Researchers have found that two experimental Alzheimer’s drugs, known as CMS121 and J147, improve memory and slow the degeneration of brain cells.
The research, published in the journal eLife, suggests that the drugs may be useful for treating a broader array of conditions and points out a new pathway that links normal ageing to Alzheimer’s disease.
“This study further validated these two compounds not only as Alzheimer’s drug candidates, but also as potentially more widely useful for their anti-aging effects,” said the study’s co-author Pamela Maher, a senior staff scientist at The Salk Institute for Biological Studies in the US.
The researchers have shown how these compounds can slow ageing in healthy older mice, blocking the damage to brain cells that normally occurs during ageing and restoring the levels of specific molecules to those seen in younger brains.
Old age is the biggest risk factor for Alzheimer’s disease and above the age of 65, a person’s risk of developing the disease doubles about every five years.
“The contribution of old age-associated detrimental processes to the disease has been largely neglected in Alzheimer’s disease drug discovery,” said Antonio Currais, a Salk staff scientist and first author of the new paper.
In the new study, the researchers turned to a strain of mice that age unusually fast.

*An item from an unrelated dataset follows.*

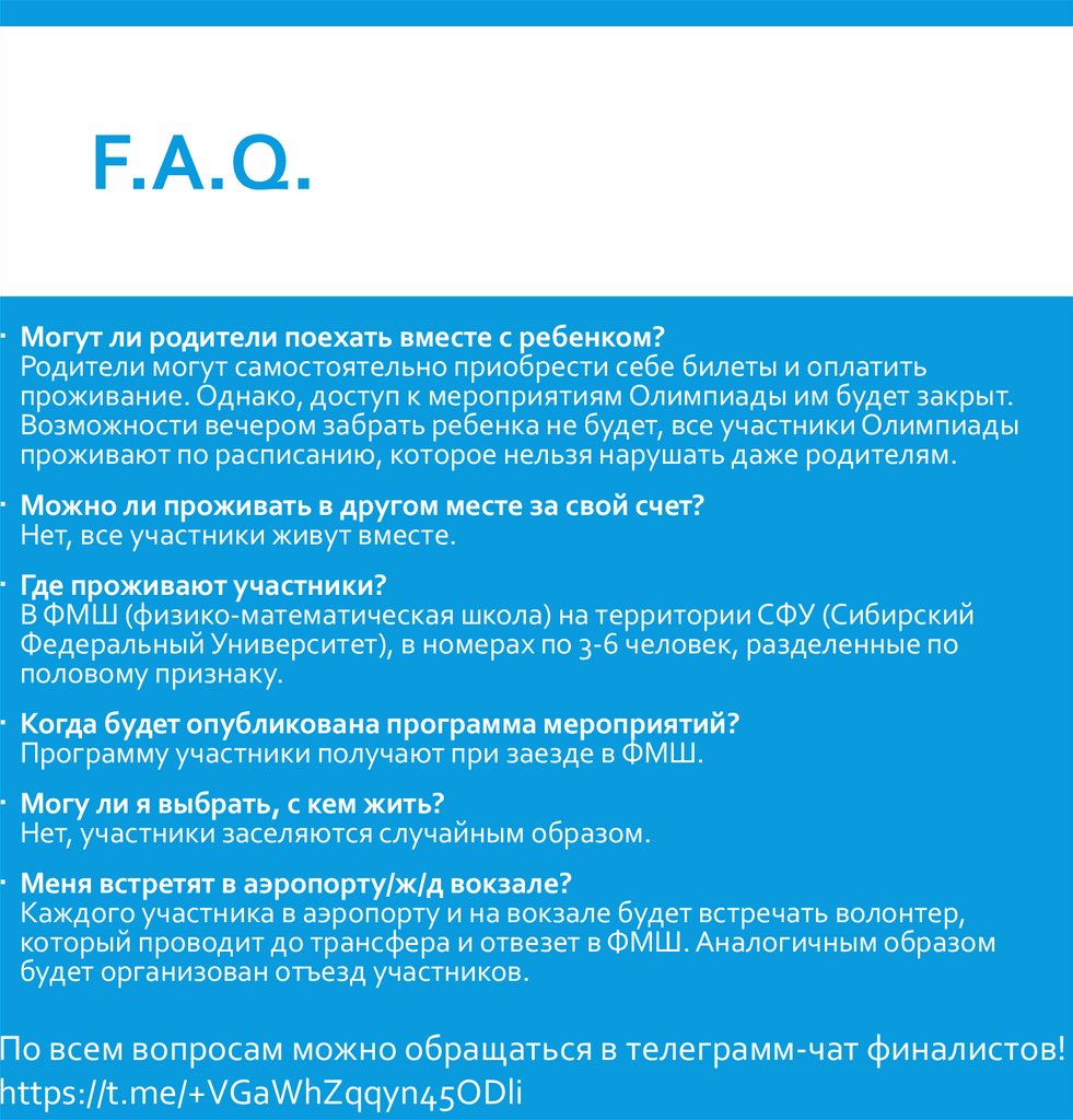 По всем вопросам можно обращаться в телеграмм-чат финалистов!

A subset of these mice was given CMS121 or J147 beginning at nine months old — the equivalent to late middle age in humans.
After four months, the team tested the memory and behaviour of the animals and analysed the genetic and molecular markers in their brains.
Not only did the animals given either of the drug candidates performed better on memory tests than mice that had not received any treatment, but their brains also showed differences at the cellular and molecular levels.
In particular, expression of genes associated with the cell’s energy-generating structures called mitochondria was preserved by CMS121 and J147 with ageing.
“The bottom line was that these two compounds prevent molecular changes that are associated with ageing,” said Maher.
More detailed experiments showed that both drugs affected mitochondria by increasing levels of the chemical acetyl-coenzyme A (acetyl-coA).